To mitigate this, Rebellions implemented a hardware staggering technique that offsets start times of neural cores instead of activating them simultaneously, which smooths current ramps and reduces supply noise. Measurements show that synchronized switching produces steep current spikes and noticeable voltage disturbance, whereas staggered activation results in gentler transitions and a more stable power rail, according to Rebellions. Supplementary control circuitry actively restricts the instruction throughput during brief intervals to further minimize abrupt workload shifts inside an individual chiplet and across multiple dies.
Memory traffic adds another layer of stress. HBM3E bursts can be just as demanding as compute surges, which puts extra strain on the power delivery network. To reinforce it, Rebellions added dedicated integrated silicon capacitor (ISC) dies that embed distributed capacitance across the VDD rails to serve both the NPU and the HBM3E PHY. This approach further dampens voltage oscillations and lowers impedance peaks compared to a design without ISC dies.
A leading multi-chiplet architectural framework
Through its debut Rebel 100 multi-chiplet AI inference accelerator, Rebellions has attained performance levels matching Nvidia's H200 while consuming less electricity, even if it utilizes a much larger amount of silicon. A more substantial advancement for the firm is the Rebel 100 SiP, which stands as one of the market's earliest multi-chiplet accelerators employing UCIe-A interconnects.

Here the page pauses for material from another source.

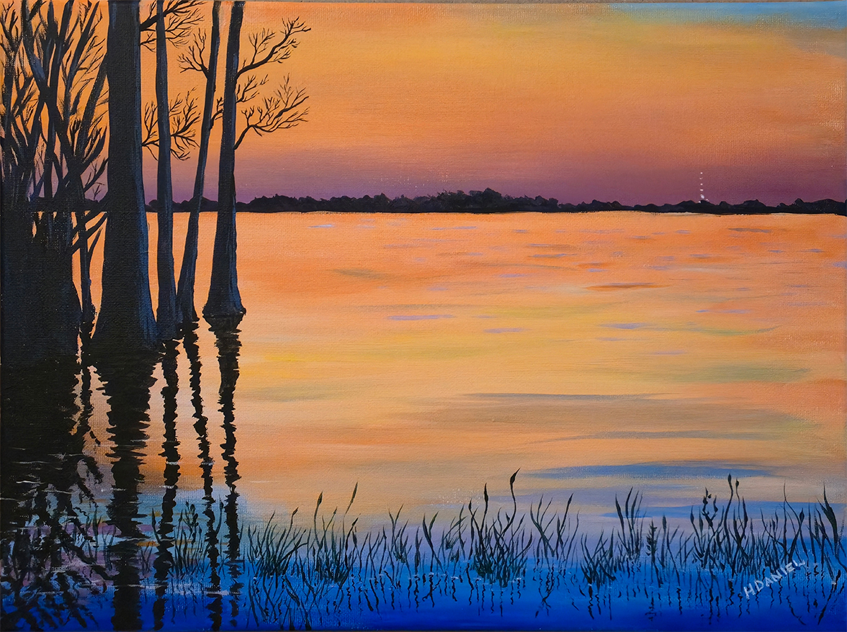 “Reelfoot Lake Sunset” is a 12″ x 16″ acrylic painting on canvas. The cyprus trees cast long shadows on the lake contrasting with the vivid colors of the sunset. From a reference photo by a friend, used by permission. Framed in a black floating frame. Framed size 13″ x 17″.
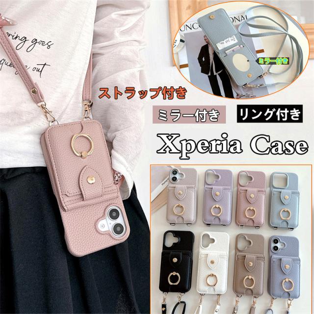 Xperia 10VI SOG14ケース ショルダー ミラー付き ストラップ付き Xperia 1VI SOG13ケース エクスペリア 1 10 VII SOG15 10V 5V 1V 5IV 10 1 IV 1 5 10 III カバー 耐衝撃 レザー リング付き スタンド エクスペリア 10viケース スマホショルダー 大人可愛い おしゃれ 鏡

Instead of building two large reticle-size dies, Rebellions opted for a quad-chiplet design with four 320-mm2 dies that are much easier to develop and yield, especially keeping in mind Samsung's pellicle-less approach to EUV that does not particularly favor large dies. To ensure the quad-chiplet configuration operates smoothly, Rebellions created a built-in 2D mesh network-on-chip that conceptually extends past the chiplet's limits through UCIe so the complete quad-chiplet system-in-package behaves like one large mesh-connected processor.
To enhance its architecture further, Rebellions bypassed conventional CXL-based protocols to instead integrate its proprietary adjustable DMA subsystem and synchronization managers. Moreover, to guarantee power stability, it utilized an exclusive hardware staggering method that levels out current surges and diminishes supply interference. Additionally, the firm incorporated integrated silicon capacitor (ISC) dies to mitigate voltage variations and minimize impedance spikes.
While not using the UCIe 1.0 specification to its full extent, the Rebel 100 represents a good example of a multi-chiplet design that relies on industry-standard interconnection while still using proprietary techniques to maximize performance and optimize the power of the system-in-package.